- **TRY IT**
Transcribe exactly the line containing "本次检查包含充电设备、电气设" plus every later line in the data.

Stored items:
********************

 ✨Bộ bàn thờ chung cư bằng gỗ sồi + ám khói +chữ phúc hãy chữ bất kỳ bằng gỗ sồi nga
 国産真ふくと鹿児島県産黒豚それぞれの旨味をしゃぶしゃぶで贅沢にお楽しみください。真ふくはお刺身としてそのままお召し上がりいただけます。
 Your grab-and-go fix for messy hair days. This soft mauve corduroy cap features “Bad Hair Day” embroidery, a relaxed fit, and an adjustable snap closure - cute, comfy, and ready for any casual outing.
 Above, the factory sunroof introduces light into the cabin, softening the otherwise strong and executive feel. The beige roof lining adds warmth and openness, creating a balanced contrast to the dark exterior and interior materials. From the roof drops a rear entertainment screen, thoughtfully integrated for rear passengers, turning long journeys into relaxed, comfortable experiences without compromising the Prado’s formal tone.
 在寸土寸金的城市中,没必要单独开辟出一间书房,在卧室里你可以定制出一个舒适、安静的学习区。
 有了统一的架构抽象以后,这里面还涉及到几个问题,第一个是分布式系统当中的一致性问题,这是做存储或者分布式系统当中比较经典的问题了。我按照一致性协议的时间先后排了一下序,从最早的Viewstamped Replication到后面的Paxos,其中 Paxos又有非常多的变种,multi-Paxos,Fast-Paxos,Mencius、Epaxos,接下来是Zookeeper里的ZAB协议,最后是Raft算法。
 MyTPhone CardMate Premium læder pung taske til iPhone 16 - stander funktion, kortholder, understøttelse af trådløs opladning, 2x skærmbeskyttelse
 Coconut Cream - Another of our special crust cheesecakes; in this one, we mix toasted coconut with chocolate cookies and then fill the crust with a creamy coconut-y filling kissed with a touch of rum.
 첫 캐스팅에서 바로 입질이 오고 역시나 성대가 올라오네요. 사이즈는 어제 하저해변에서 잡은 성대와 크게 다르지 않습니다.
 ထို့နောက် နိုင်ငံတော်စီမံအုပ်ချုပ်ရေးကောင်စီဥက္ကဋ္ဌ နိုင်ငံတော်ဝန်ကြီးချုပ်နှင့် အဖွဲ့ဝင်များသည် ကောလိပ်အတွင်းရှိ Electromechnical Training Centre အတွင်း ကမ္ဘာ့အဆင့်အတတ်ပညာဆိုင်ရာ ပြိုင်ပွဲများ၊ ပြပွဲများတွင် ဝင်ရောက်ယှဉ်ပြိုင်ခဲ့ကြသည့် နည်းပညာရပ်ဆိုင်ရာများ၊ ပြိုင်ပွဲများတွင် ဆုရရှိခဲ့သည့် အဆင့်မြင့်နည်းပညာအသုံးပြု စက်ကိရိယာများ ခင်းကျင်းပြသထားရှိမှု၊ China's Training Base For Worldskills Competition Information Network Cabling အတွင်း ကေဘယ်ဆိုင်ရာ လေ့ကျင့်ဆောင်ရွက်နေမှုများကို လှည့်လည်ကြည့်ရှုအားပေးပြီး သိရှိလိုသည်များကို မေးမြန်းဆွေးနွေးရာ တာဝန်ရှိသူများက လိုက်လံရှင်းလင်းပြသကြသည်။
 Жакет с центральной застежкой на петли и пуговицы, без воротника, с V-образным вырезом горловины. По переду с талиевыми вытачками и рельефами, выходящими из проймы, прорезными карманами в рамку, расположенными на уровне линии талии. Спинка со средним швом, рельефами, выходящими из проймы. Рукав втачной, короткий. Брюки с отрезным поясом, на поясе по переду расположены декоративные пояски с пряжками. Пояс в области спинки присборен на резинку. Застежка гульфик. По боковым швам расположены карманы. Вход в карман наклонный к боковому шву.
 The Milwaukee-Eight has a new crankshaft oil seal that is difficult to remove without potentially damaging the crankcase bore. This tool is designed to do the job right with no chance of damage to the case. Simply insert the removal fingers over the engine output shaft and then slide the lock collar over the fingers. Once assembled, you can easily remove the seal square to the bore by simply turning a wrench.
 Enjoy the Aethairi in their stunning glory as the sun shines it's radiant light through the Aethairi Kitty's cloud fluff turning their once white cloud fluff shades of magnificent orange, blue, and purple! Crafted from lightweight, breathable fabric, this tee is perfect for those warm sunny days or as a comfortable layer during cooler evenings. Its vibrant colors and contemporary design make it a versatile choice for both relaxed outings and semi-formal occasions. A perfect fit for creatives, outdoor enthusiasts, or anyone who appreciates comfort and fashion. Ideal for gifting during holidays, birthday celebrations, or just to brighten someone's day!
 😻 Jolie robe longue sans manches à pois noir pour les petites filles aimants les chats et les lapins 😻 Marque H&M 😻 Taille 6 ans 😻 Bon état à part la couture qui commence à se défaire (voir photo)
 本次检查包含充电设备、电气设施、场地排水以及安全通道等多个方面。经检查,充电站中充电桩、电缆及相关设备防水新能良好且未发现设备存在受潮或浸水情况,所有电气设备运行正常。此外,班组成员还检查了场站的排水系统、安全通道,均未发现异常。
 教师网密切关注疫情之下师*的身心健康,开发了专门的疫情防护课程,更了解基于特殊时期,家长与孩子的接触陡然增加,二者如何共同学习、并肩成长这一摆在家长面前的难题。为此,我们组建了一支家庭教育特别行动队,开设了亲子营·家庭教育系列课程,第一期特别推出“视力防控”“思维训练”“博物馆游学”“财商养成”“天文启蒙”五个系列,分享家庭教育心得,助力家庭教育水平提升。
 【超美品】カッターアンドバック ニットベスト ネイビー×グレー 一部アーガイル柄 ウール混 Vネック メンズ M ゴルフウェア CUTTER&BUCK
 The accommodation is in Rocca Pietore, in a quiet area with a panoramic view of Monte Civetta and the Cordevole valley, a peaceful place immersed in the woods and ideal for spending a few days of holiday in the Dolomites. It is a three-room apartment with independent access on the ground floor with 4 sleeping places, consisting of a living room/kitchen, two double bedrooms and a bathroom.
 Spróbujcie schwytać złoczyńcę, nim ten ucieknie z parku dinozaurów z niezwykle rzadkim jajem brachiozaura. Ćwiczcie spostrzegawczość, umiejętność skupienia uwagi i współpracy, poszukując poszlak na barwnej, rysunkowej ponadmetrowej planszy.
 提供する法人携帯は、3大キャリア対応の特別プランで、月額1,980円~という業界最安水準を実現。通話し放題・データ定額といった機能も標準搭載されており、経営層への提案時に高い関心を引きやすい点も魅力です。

********************

- **EXERCISE SOLUTION**
 本次检查包含充电设备、电气设施、场地排水以及安全通道等多个方面。经检查,充电站中充电桩、电缆及相关设备防水新能良好且未发现设备存在受潮或浸水情况,所有电气设备运行正常。此外,班组成员还检查了场站的排水系统、安全通道,均未发现异常。
 教师网密切关注疫情之下师*的身心健康,开发了专门的疫情防护课程,更了解基于特殊时期,家长与孩子的接触陡然增加,二者如何共同学习、并肩成长这一摆在家长面前的难题。为此,我们组建了一支家庭教育特别行动队,开设了亲子营·家庭教育系列课程,第一期特别推出“视力防控”“思维训练”“博物馆游学”“财商养成”“天文启蒙”五个系列,分享家庭教育心得,助力家庭教育水平提升。
 【超美品】カッターアンドバック ニットベスト ネイビー×グレー 一部アーガイル柄 ウール混 Vネック メンズ M ゴルフウェア CUTTER&BUCK
 The accommodation is in Rocca Pietore, in a quiet area with a panoramic view of Monte Civetta and the Cordevole valley, a peaceful place immersed in the woods and ideal for spending a few days of holiday in the Dolomites. It is a three-room apartment with independent access on the ground floor with 4 sleeping places, consisting of a living room/kitchen, two double bedrooms and a bathroom.
 Spróbujcie schwytać złoczyńcę, nim ten ucieknie z parku dinozaurów z niezwykle rzadkim jajem brachiozaura. Ćwiczcie spostrzegawczość, umiejętność skupienia uwagi i współpracy, poszukując poszlak na barwnej, rysunkowej ponadmetrowej planszy.
 提供する法人携帯は、3大キャリア対応の特別プランで、月額1,980円~という業界最安水準を実現。通話し放題・データ定額といった機能も標準搭載されており、経営層への提案時に高い関心を引きやすい点も魅力です。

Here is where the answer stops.